#### TASK PROMPT
Transcribe the listing exactly as written. Leave the images out.

THE DATA below:

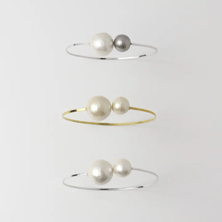 パールとパールの間が開き、着脱しやすいバングル。 無駄をそぎ落としたミニマルなデザインと、コットンパールならではの軽さも魅力的です。 温かみのあるキスカ、すっきりとしたホワイト、バイカラーがアクセントのホワイトグレーの3色展開。 イギリスの歴史ある美術館の一つ「ビクトリア&アルバート ミュージアム」 世界中のデザイナーのコレクションが集まるミュージアムショップで、日本人で初のブランドとして取り扱われている「アンク」のコットンパールコレクション。 「アンク」の感性が光る、モードな印象のコットンパールをお楽しみいただけます。 ※モニターの明るさなどによって実際の色と差が出る事があります。 日本発のブランド ― anq. / アンク ― 様々な分野を学んできたクリエイターたちで構成されたデザインチーム。「可能性を秘めたもの」をコンセプトに女性の好奇心、探求心、遊び心をくすぐるようなジュエリーを提案しています。メイドインジャパンにこだわったジュエリーを、銀座のアトリエで一つ一つ制作しています。
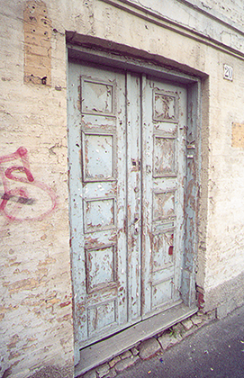 Tredør og slemmet teglfasade med oppsprukken maling
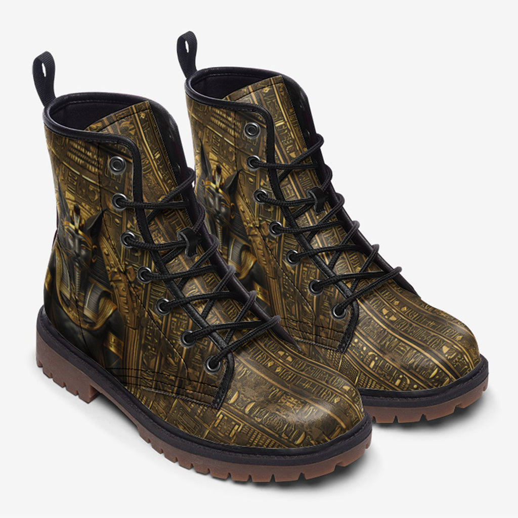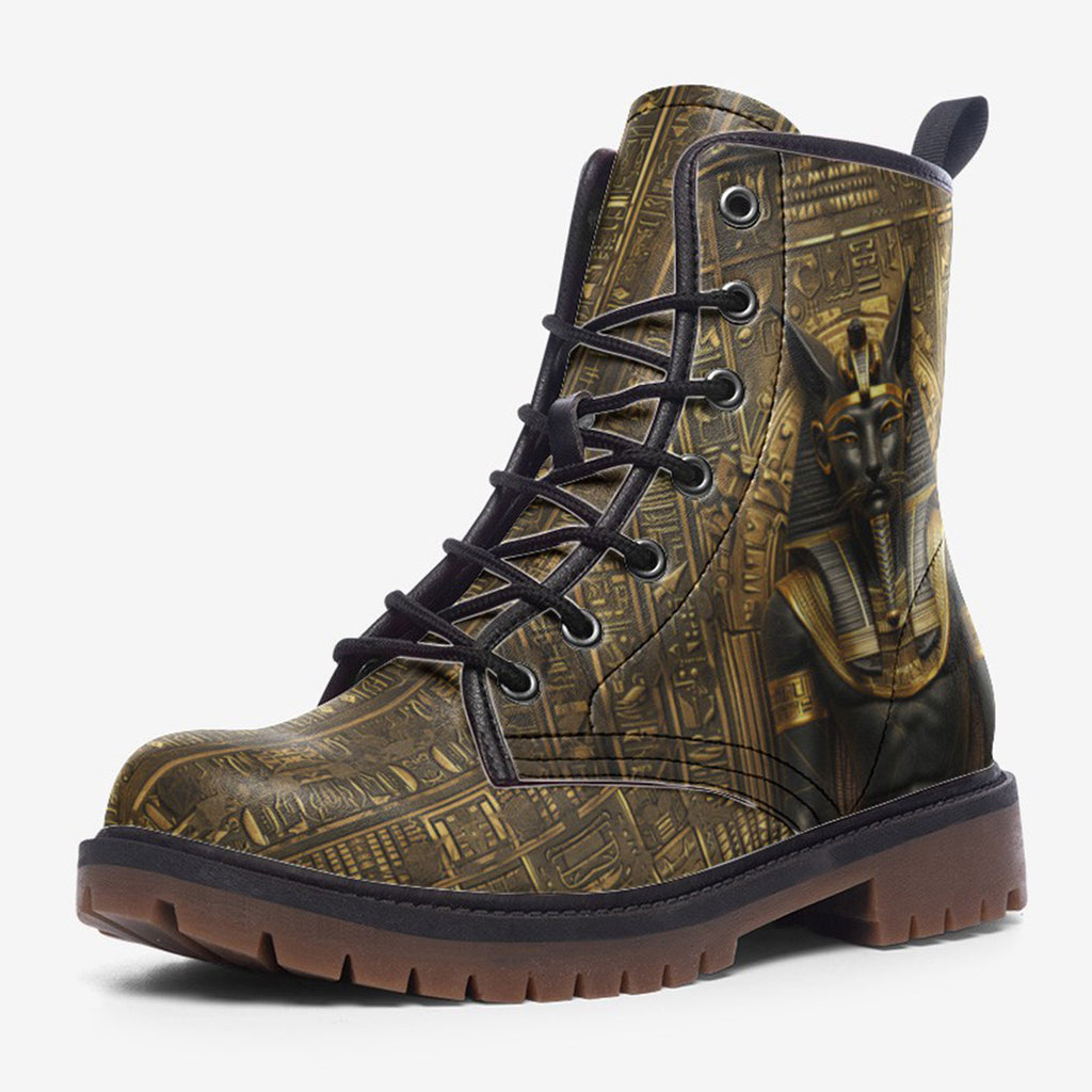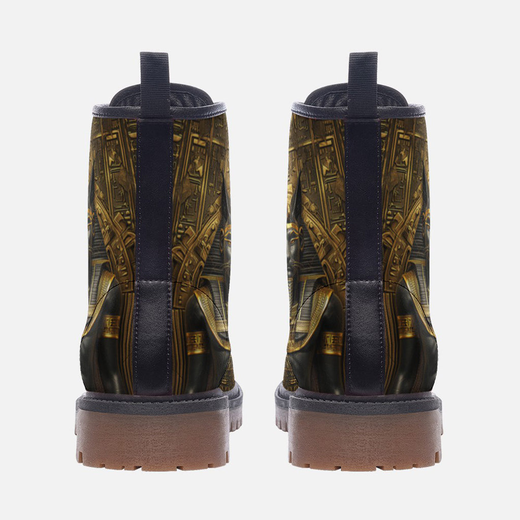 Leather Boots Anubis Cat Egypt Gold and Black Stone

End of THE DATA.

#### ANSWER TO THE EXERCISE
 パールとパールの間が開き、着脱しやすいバングル。 無駄をそぎ落としたミニマルなデザインと、コットンパールならではの軽さも魅力的です。 温かみのあるキスカ、すっきりとしたホワイト、バイカラーがアクセントのホワイトグレーの3色展開。 イギリスの歴史ある美術館の一つ「ビクトリア&アルバート ミュージアム」 世界中のデザイナーのコレクションが集まるミュージアムショップで、日本人で初のブランドとして取り扱われている「アンク」のコットンパールコレクション。 「アンク」の感性が光る、モードな印象のコットンパールをお楽しみいただけます。 ※モニターの明るさなどによって実際の色と差が出る事があります。 日本発のブランド ― anq. / アンク ― 様々な分野を学んできたクリエイターたちで構成されたデザインチーム。「可能性を秘めたもの」をコンセプトに女性の好奇心、探求心、遊び心をくすぐるようなジュエリーを提案しています。メイドインジャパンにこだわったジュエリーを、銀座のアトリエで一つ一つ制作しています。
 Tredør og slemmet teglfasade med oppsprukken maling
 Leather Boots Anubis Cat Egypt Gold and Black Stone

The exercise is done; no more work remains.